Now, that doesn't mean they WILL use EF-M for mirrorless, as there are clearly many reasons to keep the EF mount. But I doubt that Canon would create yet another incompatible mount format. Keeping to the EF-M mount means that future FF mirrorless lenses would also work on their APS-C cameras - as the EF lenses do on EF-S mount cameras, why would Canon go backwards and create incompatible mounts between their APS-C and FF mirrorless options when there is absolutely no need to?


----------



## fullstop (Jun 22, 2018)

jolyonralph said:


> fullstop said:
> 
> 
> > Canon execs responsible for EF-M themselves have clearly stated in an interview [I linked to it in some other thread] that it is not intended for FF image circle.
> ...




no. EF-M is NOT "perfectly capable of FF". Just like the poorly chosen Sony E-mount it would entail MASSIVE compromises to press it into FF service. In the form of lenses that rre not as compact as they could and should be, more complex than they could and should be and wy more expensive than they could and should be. See Sony FE ... no lens I would buy over there. Either subpar performance and high price or performance on par with Canon glass and 30-50% more expensive. A lot of it is due to Sony's decision to use E-mount with its "well chosen for APS-C" parameters also for FF image circle. Ever wondered why there is so much hollow air-filled tube at the mount end of those stupid Sony FE lenses? 

Why is it, that you guys always find time to post but are NEVER able to google something and read it first? SO here is AGAIN the link to the interview with the Canon guys who actually DESIGNED the EF-M mount:
https://translate.google.com/translate?depth=1&hl=en&ie=UTF8&prev=_t&rurl=translate.google.com&sl=auto&sp=nmt4&tl=en&u=https://dc.watch.impress.co.jp/docs/news/551672.html

And to make it even easier for all "reading-challenged posters", here the important piece: 



> - Where is the most important factor in developing a new mount called "EF - M"?
> Nakamura: It is a mount diameter that satisfies the APS - C size image circle properly, but also to make it possible to realize small size and light weight. In addition, the operation feeling such as attaching and detaching the lens is designed to be the same as the EF mount.
> EF-M mount. The mount diameter is also reduced from the EF mount
> 
> ...



in other words: "not designed for FF, maybe borderline possible, but only with MASSIVE COMPROMISES". See Sony FE. Any questions?

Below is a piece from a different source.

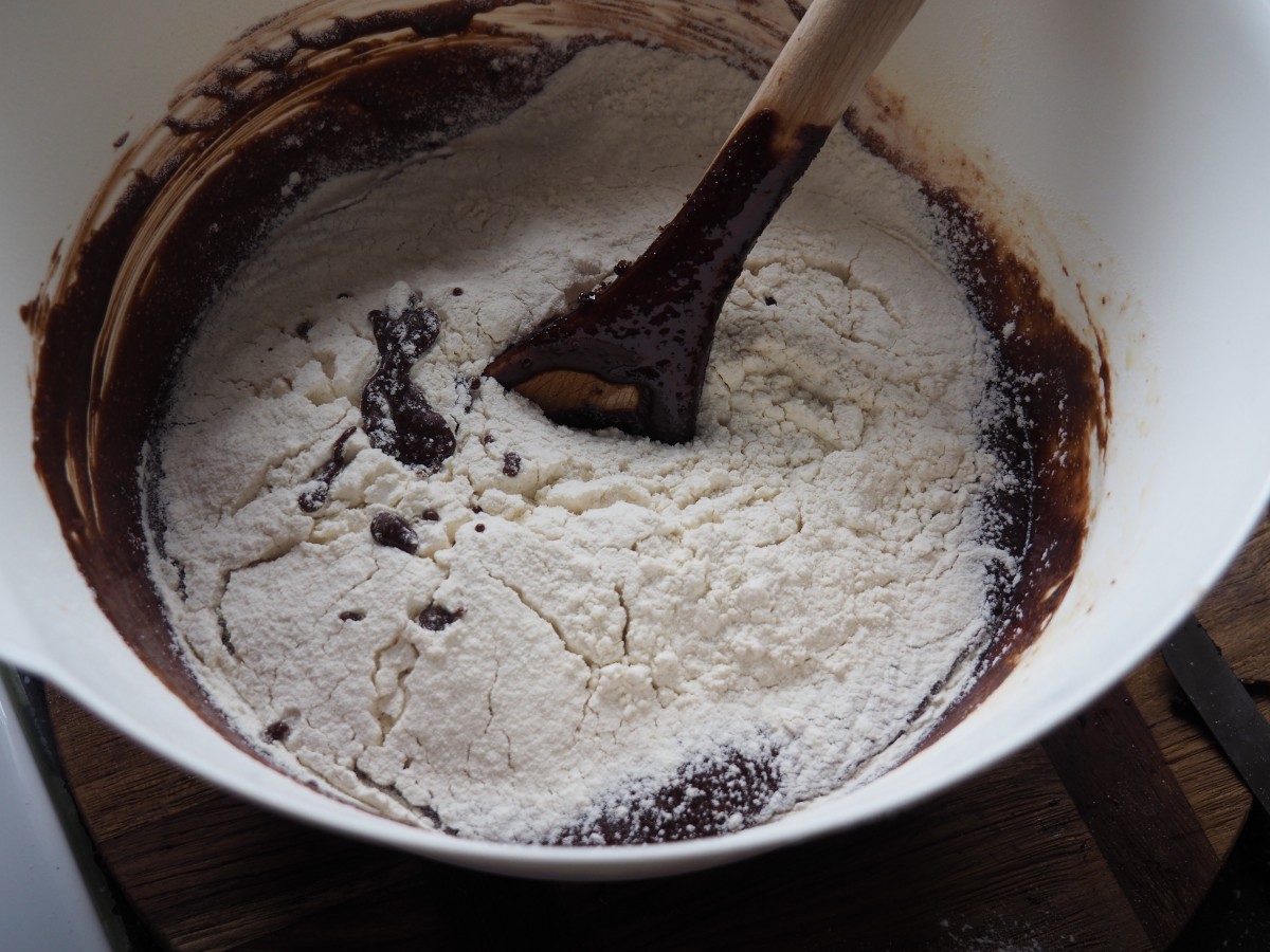 10. Zeef het bakmeel boven de kom en spatel dit door het beslag

TL;DR: Canon EF-M is not a suitable, good mount for FF image circle. Canon knows that. Most likely it is one of the main reasons they have not been able to launch a FF mirrorless system yet.


----------



## neuroanatomist (Jun 22, 2018)

fullstop said:


> in other words: "not designed for FF, maybe borderline possible, but only with MASSIVE COMPROMISES". See Sony FE. Any questions?



And yet...Sony E-mount full frame lenses from Sony (GM) and Zeiss deliver excellent IQ. Sure, they’re no smaller than equivalent EF lenses. But the compromise is only ‘MASSIVE’ because _you personally_ want a FF MILC system that’s as small as possible, or even smaller. Get this fact through your thick skull – YOU DO NOT REPRESENT THE MARKET.


----------



## fullstop (Jun 22, 2018)

you might want to be a bit more careful with your ASSumptions. 

I am definitely "representative" for a much larger portion of the stills imaging market than you. 

How many (private) Canon EF 600/4 owners are there globally? 10.000 ? More? Less? 

And how many potential buyers of a compact, fully competent, enthusiast-affordable mirrorless Canon FF camera system are out there? 

... owned. ;D


----------



## ahsanford (Jun 22, 2018)

fullstop said:


> ... owned. ;D



Are you nine years old? You can't be a cheering section for your own content.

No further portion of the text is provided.